* [Dataset extract]
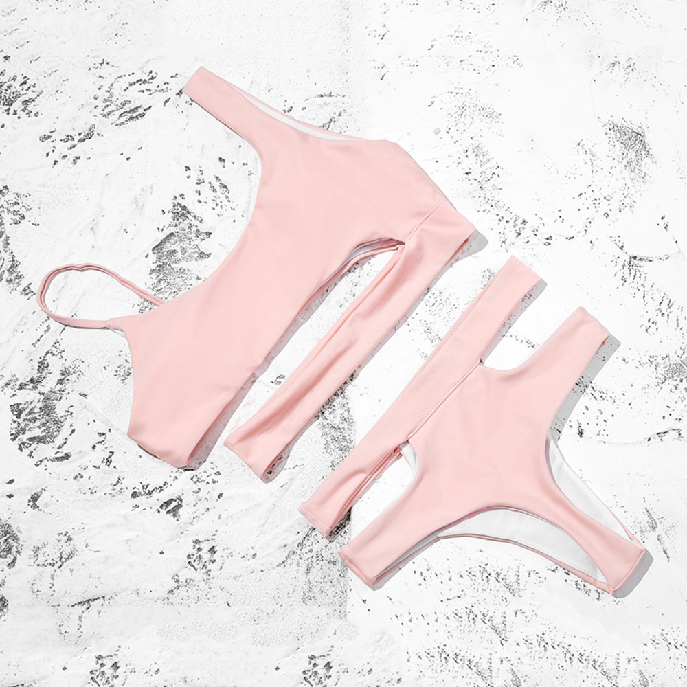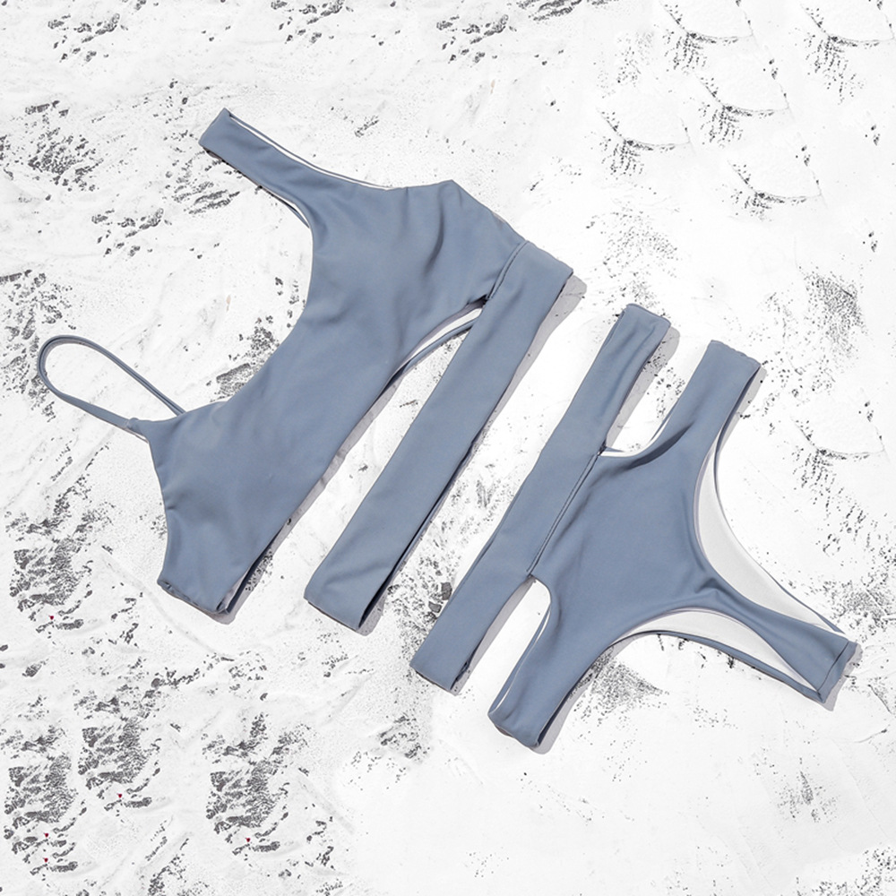 Solid color cutout high waist bikini
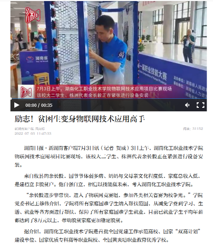 来自攸县的余长毅,因爷爷体弱多病、奶奶与父母亲文化程度低,家庭总收入低,是建档立卡脱贫户。他自强自立,相信以技能赢未来,考入湖南化工职业技术学院。
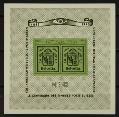Zwitserland 1943, Michel Blok 10, Postzegeltentoonstelling Genève, 100e verjaardag “Doppelgenf”, postfris / MNH

* [The problem]
Exactly as written, give again every line from the one containing "来自攸县的余长毅,因爷爷体弱" through the last line of the material, both included, with the pictures left out.

* [Response for this exercise]
 来自攸县的余长毅,因爷爷体弱多病、奶奶与父母亲文化程度低,家庭总收入低,是建档立卡脱贫户。他自强自立,相信以技能赢未来,考入湖南化工职业技术学院。
Zwitserland 1943, Michel Blok 10, Postzegeltentoonstelling Genève, 100e verjaardag “Doppelgenf”, postfris / MNH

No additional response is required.